3. Ionotropic receptors opens ion channels by working directly on them, whereas metabotropic receptors use signal transduction mechanisms when there is metabolic change with the help of 2nd messengers. 

4. Ionotropic receptors include GABA-A, Nicotinic, EAA, and 5-HT3. Metabotropic receptors work with transduction systems that rely on the formation of 2nd messengers. Adenylyl cyclase systems and Phospholipase C systems are transduction systems. 

Adenylate cyclase receptors include negative( D2, α2,5-HT1 A+B , M2 ) and positive( ß1 + 2, D1) receptors, which convert ATP to cAMP. cAMP activates various protein kinase enzymes. 

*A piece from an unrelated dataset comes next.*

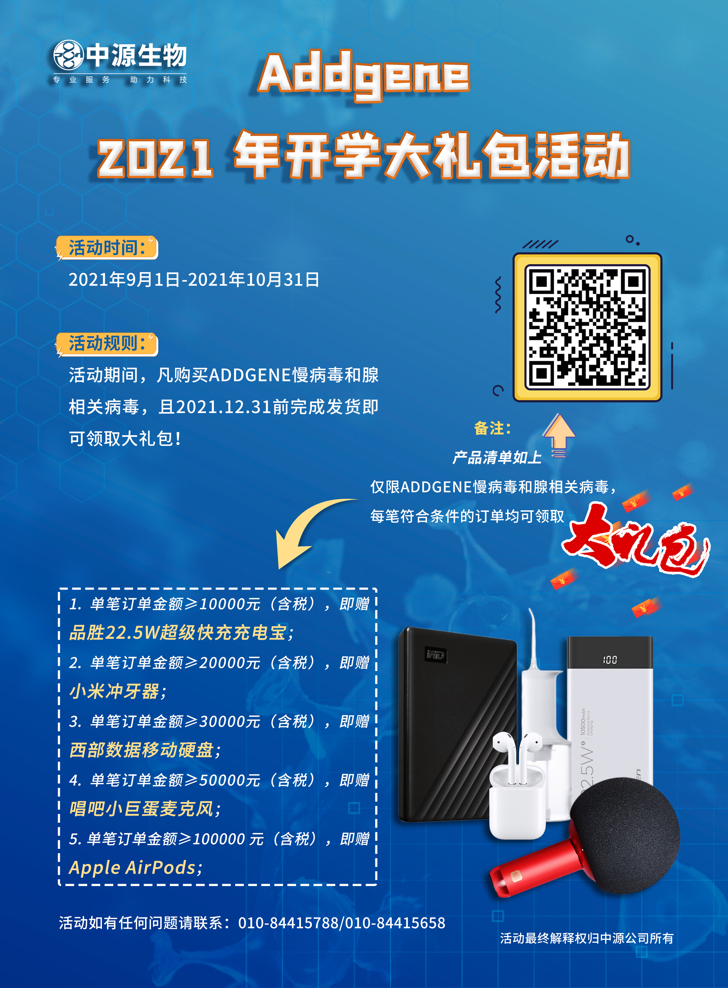 又到一年開(kāi)學(xué)季 Addgene送福利啦! 凡購買(mǎi)病毒產(chǎn)品 滿(mǎn)額即獲贈相應禮品 過(guò)期不候哦! 21-09-01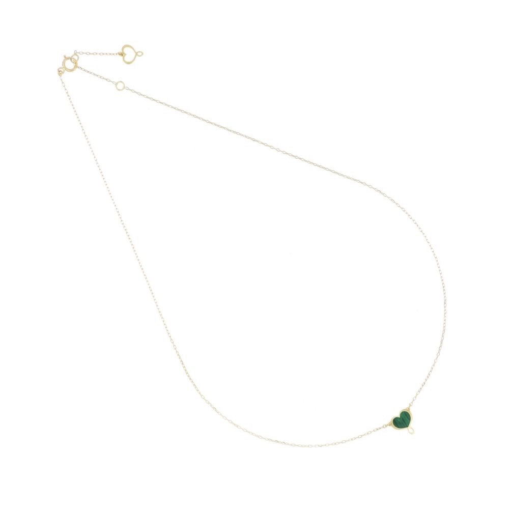 Girocollo con cuore maman in lastra di malachite centrale realizzato in oro giallo 18 carati.

Phospholipase C receptors are positive and include α1, 5-HT2 M1, H1 receptors. This system converts PIP2 to IP3 and/or DAG. IP3 and DAG function as second messengers.  

5. EPSP: Excitatory postsynaptic potentials that are generated by the opening of Sodium or Calcium channels. Exp: Nicotinic, EEA, and 5-HT3 receptors 

IPSP: Inhibitory postsynaptic potentials that are generated by the opening of potassium or chloride channels. Exp: GABA-A 

6. An influx of calcium into the presynaptic membrane causes NT release from the synaptic vesicles into the synaptic cleft. The NT can then diffuse and bind to the postsynaptic membrane, this will produce an effect. Calcium is essential for  NT release and ultimately for the effect.